Strings and Runes in PureScript

module Main where

import Prelude
import Effect (Effect)
import Effect.Console (log)

main :: Effect Unit
main = do
  -- `s` is a `String` assigned a literal value
  -- representing the word "hello" in the Thai
  -- language. PureScript string literals are UTF-8
  -- encoded text.
  let s = "สวัสดี"

  -- Since strings in PureScript are arrays of characters,
  -- this will produce the length of the string in characters.
  log $ "Len: " <> show (length s)

  -- In PureScript, we can use `toCharArray` to convert a string
  -- to an array of characters, then map over it to get the 
  -- Unicode code points.
  log $ "Unicode code points: " <> show (map toCharCode (toCharArray s))

  -- To count how many characters are in a string, we can use
  -- the `length` function on the string directly.
  log $ "Character count: " <> show (length s)

  -- A `for` loop in PureScript can be achieved using recursion
  -- or higher-order functions like `traverse_`. Here we use
  -- `traverse_` to iterate over the characters in the string.
  traverse_ (\(Tuple idx char) -> 
    log $ show char <> " starts at " <> show idx
  ) (zip (0 .. (length s - 1)) (toCharArray s))

  -- This demonstrates passing a `Char` value to a function.
  traverse_ examineChar (toCharArray s)

examineChar :: Char -> Effect Unit
examineChar c = 
  -- We can compare a `Char` value to a character literal directly.
  if c == 't' 
    then log "found tee"
  else if c == 'ส'
    then log "found so sua"
  else pure unit

In PureScript, strings are treated as arrays of characters, which simplifies some operations but may not be as efficient for large strings or complex Unicode manipulations. Here’s a breakdown of the key differences and concepts:

  1. PureScript uses String for string types, and they are inherently Unicode-aware.
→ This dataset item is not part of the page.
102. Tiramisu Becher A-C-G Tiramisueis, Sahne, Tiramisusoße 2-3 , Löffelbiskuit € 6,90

  2. The length function on a string returns the number of characters, not bytes.

  3. PureScript doesn’t have a built-in concept of “runes”. Instead, we work with Char values, which represent Unicode code points.

  4. To get the Unicode code points, we convert the string to an array of characters and then map over it with toCharCode.
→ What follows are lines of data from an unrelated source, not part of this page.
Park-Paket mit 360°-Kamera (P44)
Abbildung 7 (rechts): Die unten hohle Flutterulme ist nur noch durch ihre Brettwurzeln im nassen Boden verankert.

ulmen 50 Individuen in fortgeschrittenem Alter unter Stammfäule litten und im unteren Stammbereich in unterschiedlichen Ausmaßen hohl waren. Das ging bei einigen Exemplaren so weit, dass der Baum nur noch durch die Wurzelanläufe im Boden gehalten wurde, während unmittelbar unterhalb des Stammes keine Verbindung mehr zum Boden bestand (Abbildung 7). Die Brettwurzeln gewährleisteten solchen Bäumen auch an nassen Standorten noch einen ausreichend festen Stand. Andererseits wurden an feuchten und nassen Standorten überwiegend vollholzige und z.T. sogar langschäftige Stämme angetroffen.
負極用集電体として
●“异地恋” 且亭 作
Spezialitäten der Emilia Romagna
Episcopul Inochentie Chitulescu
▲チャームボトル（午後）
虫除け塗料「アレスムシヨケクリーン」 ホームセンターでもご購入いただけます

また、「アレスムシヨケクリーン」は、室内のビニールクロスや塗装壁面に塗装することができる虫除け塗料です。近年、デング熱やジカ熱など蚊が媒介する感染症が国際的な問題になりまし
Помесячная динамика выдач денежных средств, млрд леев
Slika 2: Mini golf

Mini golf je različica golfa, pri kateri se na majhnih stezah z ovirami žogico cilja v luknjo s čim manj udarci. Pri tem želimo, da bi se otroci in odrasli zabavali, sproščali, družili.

  5. Iteration over characters in a string is typically done using higher-order functions like traverse_ or by converting the string to an array of characters first.
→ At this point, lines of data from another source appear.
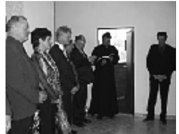
S vôňou čerstvej omietky sa miešala vôňa kadiidla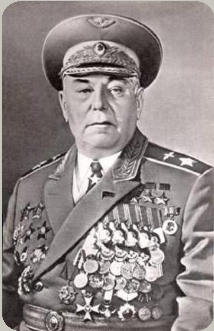
Александр Иванович Покрышкин (6 марта 1913 - 13 ноября 1985)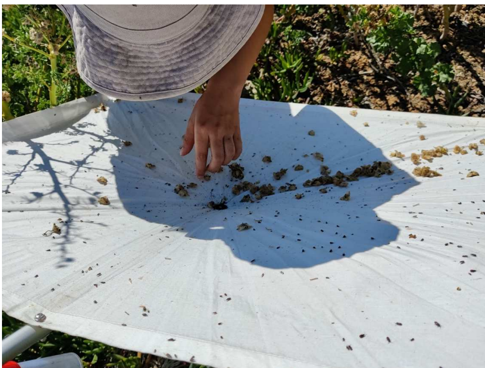
Fig. 23 – Pullulation de Oxycarenus lavaterae (Fabricius, 1787) sur le Lion de mer

Sur les 14 spécimens d'araignées collectés, seul Heser nilicola (O. Pickard-Cambridge, 1874) avait atteint le stade adulte, les individus juvéniles appartenant aux familles des Agelinidae, Araneidae, Linyphiidae, Salticidae et Thomisidae (genres Puchellodromus et Xysticus ). Concernant les autres arachnides, une espèce de scorpion Euscorpiones tergestinus (C. L. Koch, 1837) et une espèce de pseudoscorpion, Hysterochelifer tuberculatus (Lucas, 1849) ont été identifiées, cette dernière restant à confirmer par un spécialiste taxonomiste. De même pour Porcellio lamellatus Budde-Lund, 1885, localisée sur le Lion de mer. Il est également à noter sur cet îlot la présence de blattes, de dermaptères et de collemboles (Symphypléone et Poduromorphe).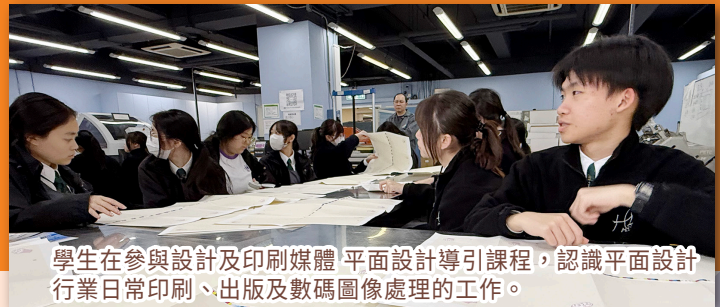
學生在參與設計及印刷媒體 平面設計導引課程，認識平面設計行業日常印刷、出版及數碼圖像處理的工作。

  6. PureScript doesn’t have mutable variables or traditional for-loops. Instead, we use recursion or higher-order functions for iteration.

  7. The examineChar function demonstrates how to work with individual characters.

To run this program, you would typically compile it with the PureScript compiler and then run it using Node.js or in a browser environment, depending on your project setup.

$ pulp run
Len: 6
Unicode code points: [3626,3623,3633,3626,3604,3637]
Character count: 6
ส starts at 0
ว starts at 1
ั starts at 2
ส starts at 3
ด starts at 4
ี starts at 5
found so sua
found so sua

This example demonstrates how PureScript handles strings and characters, which differs from some other languages in its functional and immutable approach.